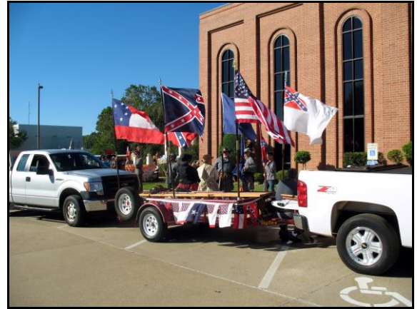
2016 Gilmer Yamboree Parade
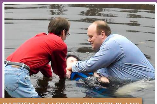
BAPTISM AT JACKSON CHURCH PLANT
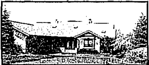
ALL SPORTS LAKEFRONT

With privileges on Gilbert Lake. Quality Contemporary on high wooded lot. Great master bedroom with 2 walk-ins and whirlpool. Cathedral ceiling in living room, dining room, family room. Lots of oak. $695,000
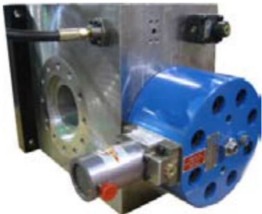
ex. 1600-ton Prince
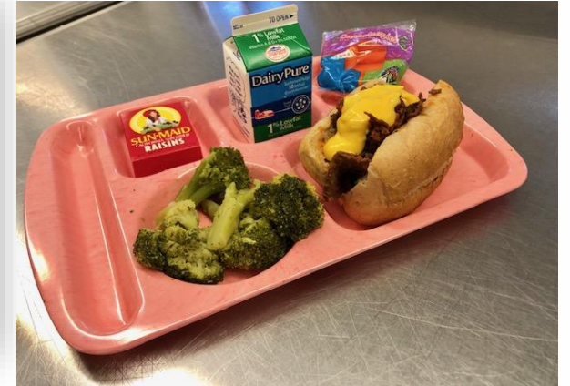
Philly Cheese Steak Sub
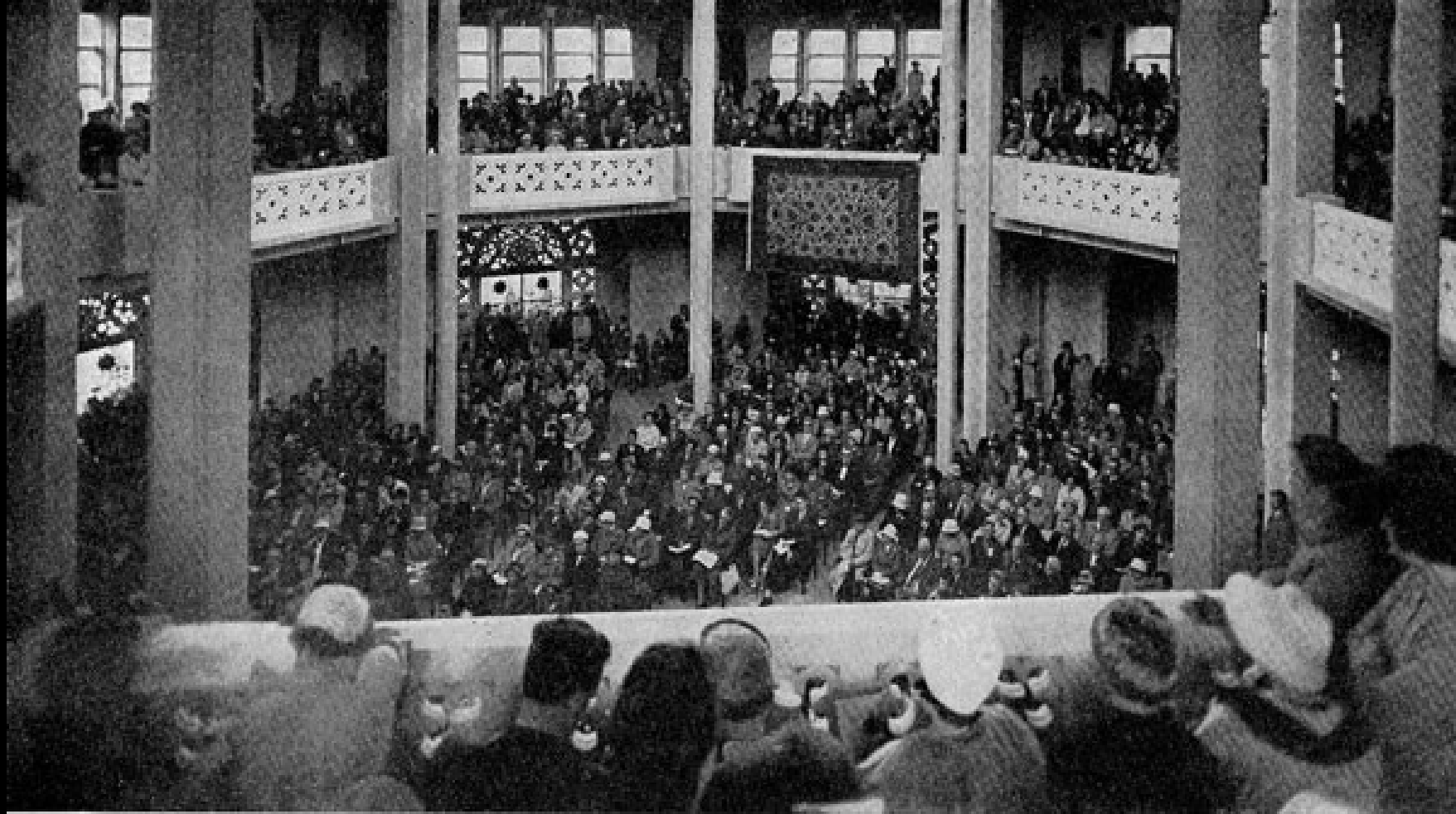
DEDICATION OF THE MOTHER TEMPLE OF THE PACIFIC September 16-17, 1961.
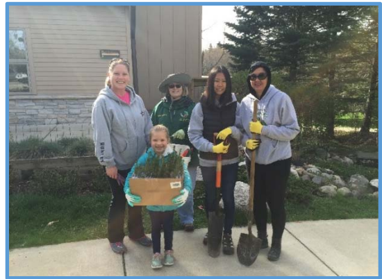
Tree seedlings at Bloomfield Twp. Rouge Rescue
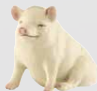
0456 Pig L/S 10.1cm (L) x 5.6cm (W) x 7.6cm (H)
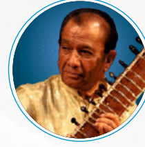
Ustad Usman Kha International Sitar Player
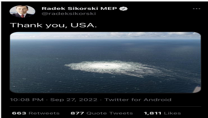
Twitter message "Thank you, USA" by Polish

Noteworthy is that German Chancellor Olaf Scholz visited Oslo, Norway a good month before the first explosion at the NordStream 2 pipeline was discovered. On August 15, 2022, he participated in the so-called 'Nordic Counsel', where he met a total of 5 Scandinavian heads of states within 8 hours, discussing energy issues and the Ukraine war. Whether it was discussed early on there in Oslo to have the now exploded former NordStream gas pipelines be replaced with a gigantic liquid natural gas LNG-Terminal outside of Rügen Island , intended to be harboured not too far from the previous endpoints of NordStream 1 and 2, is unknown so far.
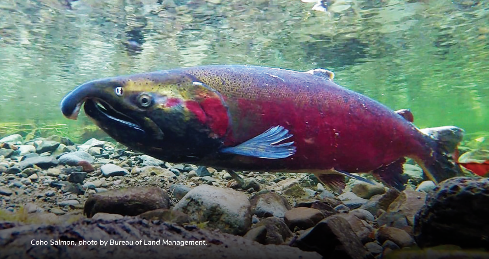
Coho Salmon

————

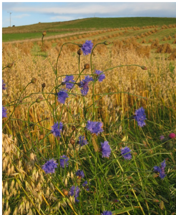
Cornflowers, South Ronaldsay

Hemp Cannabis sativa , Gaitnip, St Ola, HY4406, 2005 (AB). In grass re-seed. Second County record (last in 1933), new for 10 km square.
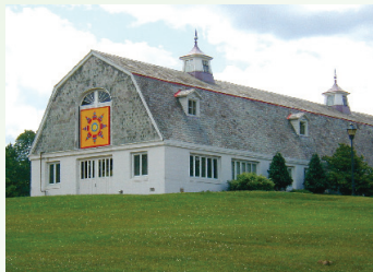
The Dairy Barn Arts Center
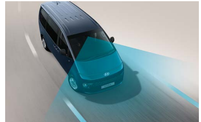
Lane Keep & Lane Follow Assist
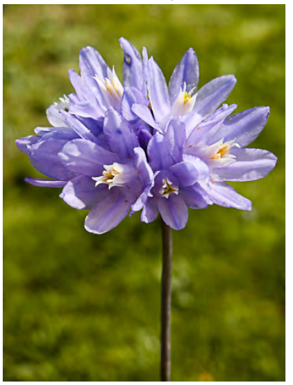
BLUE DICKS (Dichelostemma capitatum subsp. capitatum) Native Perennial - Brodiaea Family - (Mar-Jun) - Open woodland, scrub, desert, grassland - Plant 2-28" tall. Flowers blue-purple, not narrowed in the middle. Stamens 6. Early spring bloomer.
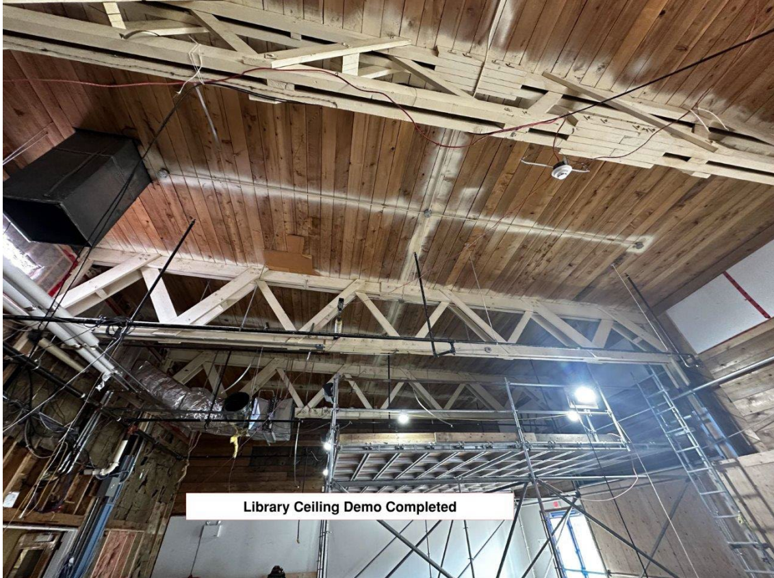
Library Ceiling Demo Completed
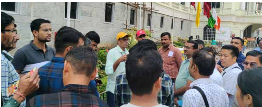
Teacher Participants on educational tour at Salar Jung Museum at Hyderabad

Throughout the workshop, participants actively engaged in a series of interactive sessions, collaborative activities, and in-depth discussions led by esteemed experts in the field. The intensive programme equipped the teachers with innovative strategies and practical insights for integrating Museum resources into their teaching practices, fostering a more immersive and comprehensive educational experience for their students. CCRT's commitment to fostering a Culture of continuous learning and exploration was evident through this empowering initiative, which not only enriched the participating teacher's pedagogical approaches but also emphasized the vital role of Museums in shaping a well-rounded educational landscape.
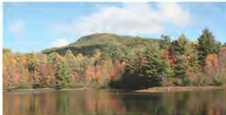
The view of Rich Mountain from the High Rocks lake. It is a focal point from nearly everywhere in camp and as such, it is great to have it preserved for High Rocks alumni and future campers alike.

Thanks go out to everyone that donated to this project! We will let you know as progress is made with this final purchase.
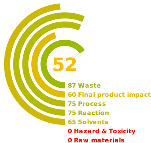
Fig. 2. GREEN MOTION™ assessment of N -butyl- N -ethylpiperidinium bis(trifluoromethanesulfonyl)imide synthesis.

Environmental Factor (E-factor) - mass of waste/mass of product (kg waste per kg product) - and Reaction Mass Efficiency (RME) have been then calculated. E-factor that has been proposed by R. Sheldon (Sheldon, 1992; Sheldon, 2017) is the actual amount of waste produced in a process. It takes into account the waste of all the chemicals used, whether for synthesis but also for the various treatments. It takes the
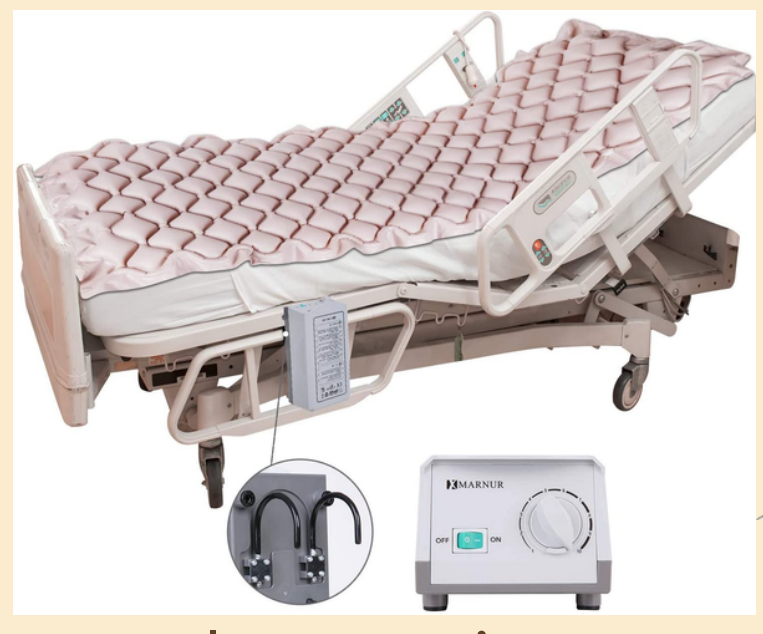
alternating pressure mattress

————

Your objective » Please output, exactly as written, the lines above from the one holding "2016 Gilmer Yamboree Parade" through the one holding "Philly Cheese Steak Sub", both included, with the pictures omitted.

Answer space »
2016 Gilmer Yamboree Parade
BAPTISM AT JACKSON CHURCH PLANT
ALL SPORTS LAKEFRONT

With privileges on Gilbert Lake. Quality Contemporary on high wooded lot. Great master bedroom with 2 walk-ins and whirlpool. Cathedral ceiling in living room, dining room, family room. Lots of oak. $695,000
ex. 1600-ton Prince
Philly Cheese Steak Sub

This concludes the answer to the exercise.